I shook my head.
“Page wrote it—Curtis Hidden Page, I think. Well, it was that bit of verse that gave me the clue. One day, in the window-seat near the big piano—you remember how she could play? She used to laugh, sometimes, and doubt whether it was for them I came, or for the music. She called me a 'music-sot' once, a 'sound-debauchee.' What a voice he had! When he sang I believed in immortality, my regard for the gods grew almost patronizing and I devised ways and means whereby I surely could outwit them and their tricks.
“It was a spectacle for God, that man and woman, years married, and singing love-songs with a freshness virginal as new-born Love himself, with a ripeness and wealth of ardour that young lovers can never know. Young lovers were pale and anaemic beside that long-married pair. To see them, all fire and flame and tenderness, at a trembling distance, lavishing caresses of eye and voice with every action, through every silence—their love driving them toward each other, and they withholding like fluttering moths, each to the other a candle-flame, and revolving each about the other in the mad gyrations of an amazing orbit-flight! It seemed, in obedience to some great law of physics, more potent than gravitation and more subtle, that they must corporeally melt each into each there before my very eyes. Small wonder they were called the wonderful lovers.

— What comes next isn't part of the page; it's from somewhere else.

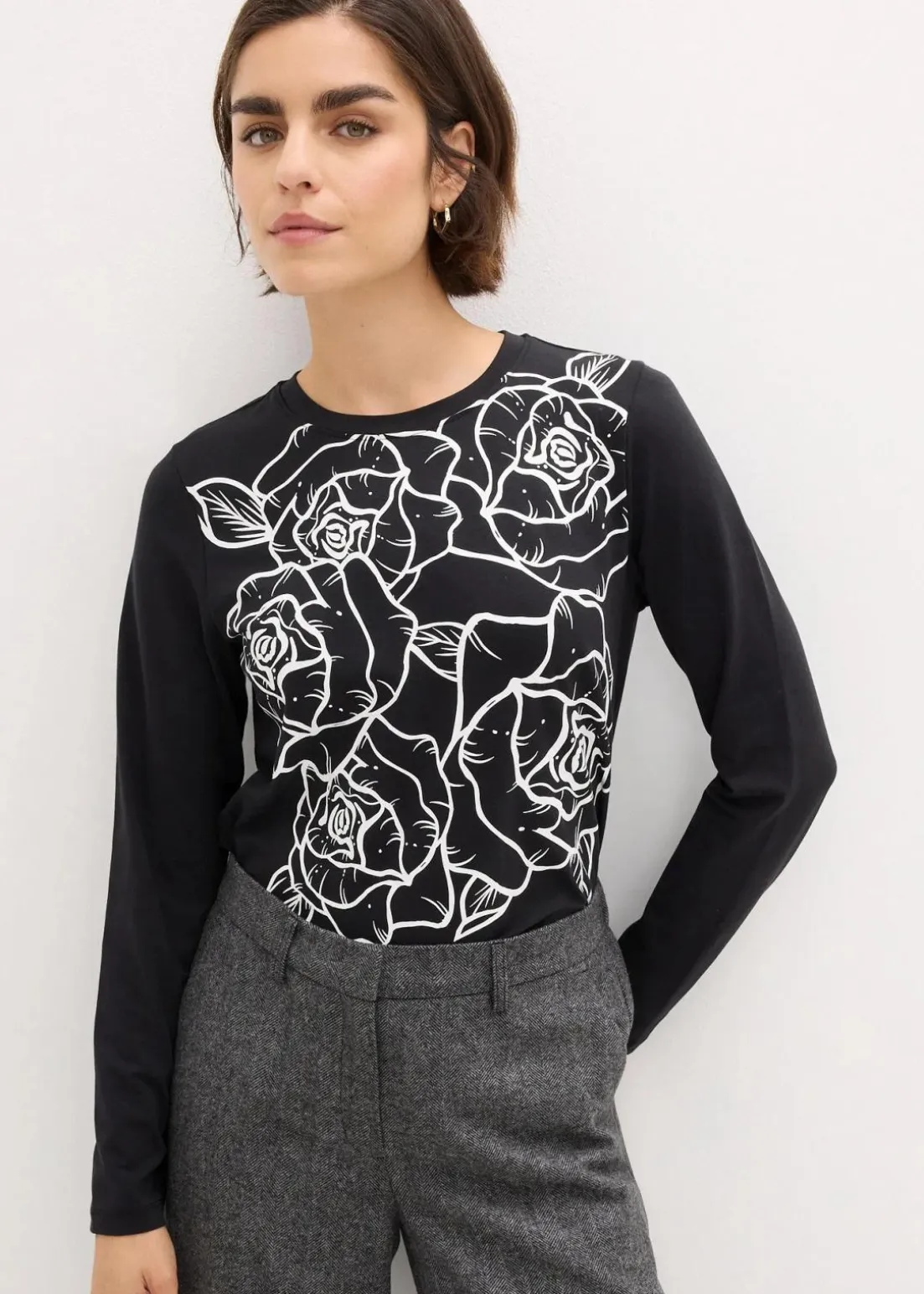 feminines Langarmshirt mit plakativem Rosendruck

“I have wandered. Now to the clue. One day in the window-seat I found a book of verse. It opened of itself, betraying long habit, to 'Love's Waiting Time.' The page was thumbed and limp with overhandling, and there I read:—
“'So sweet it is to stand but just apart,
To know each other better, and to keep
The soft, delicious sense of two that touch...
O love, not yet!... Sweet, let us keep our love
Wrapped round with sacred mystery awhile,
Waiting the secret of the coming years,
That come not yet, not yet... sometime...
not yet...
Oh, yet a little while our love may grow!

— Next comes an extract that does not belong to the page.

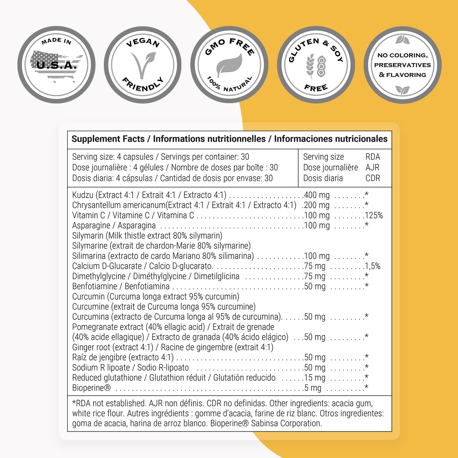 Recommended Use - Take 4 capsules per day. Contains kudzu, chrysantellum americanum, vitamin C, asparagine, milk thistle 80% silymarin, calcium D glucarate, dimethylglycine, benfotiamine, curcuma longa 95% curcumin, pomegranate 40% ellagic acid, ginger root, sodium R-lipoate, reduced glutathione, bioperine | Other ingredient: acacia gum, white rice flour

When it has blossomed it will haply die.
Feed it with lipless kisses, let it sleep,
Bedded in dead denial yet some while...
Oh, yet a little while, a little while.'
“I folded the book on my thumb and sat there silent and without moving for a long time. I was stunned by the clearness of vision the verse had imparted to me. It was illumination. It was like a bolt of God's lightning in the Pit. They would keep Love, the fickle sprite, the forerunner of young life—young life that is imperative to be born!
“I conned the lines over in my mind—'Not yet, sometime'—'O Love, not yet'—'Feed it with lipless kisses, let it sleep.' And I laughed aloud, ha, ha! I saw with white vision their blameless souls. They were children. They did not understand. They played with Nature's fire and bedded with a naked sword. They laughed at the gods. They would stop the cosmic sap. They had invented a system, and brought it to the gaming-table of life, and expected to win out. 'Beware!' I cried. 'The gods are behind the table. They make new rules for every system that is devised. You have no chance to win.'
“But I did not so cry to them. I waited. They would learn that their system was worthless and throw it away. They would be content with whatever happiness the gods gave them and not strive to wrest more away.

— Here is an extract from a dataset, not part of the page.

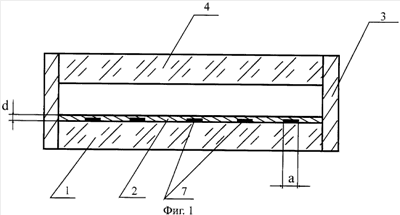 Рассмотренные варианты устройства работоспособны только в случае импульсного нагревания тонкопленочного слоя, когда подложка не успевает за время импульса существенно нагреться. Роль подложки может выполнять тонкая пленка, что позволит обеспечить работу устройства при локальном нагревании слоя 2 за счет уменьшения расплывания тепла в стороны от места нагревания.

“I watched. I said nothing. The months continued to come and go, and still the famine-edge of their love grew the sharper. Never did they dull it with a permitted love-clasp. They ground and whetted it on self-denial, and sharper and sharper it grew. This went on until even I doubted. Did the gods sleep? I wondered. Or were they dead? I laughed to myself. The man and the woman had made a miracle. They had outwitted God. They had shamed the flesh, and blackened the face of the good Earth Mother. They had played with her fire and not been burned. They were immune. They were themselves gods, knowing good from evil and tasting not. 'Was this the way gods came to be?' I asked myself. 'I am a frog,' I said. 'But for my mud-lidded eyes I should have been blinded by the brightness of this wonder I have witnessed. I have puffed myself up with my wisdom and passed judgment upon gods.'
“Yet even in this, my latest wisdom, I was wrong. They were not gods. They were man and woman—soft clay that sighed and thrilled, shot through with desire, thumbed with strange weaknesses which the gods have not.”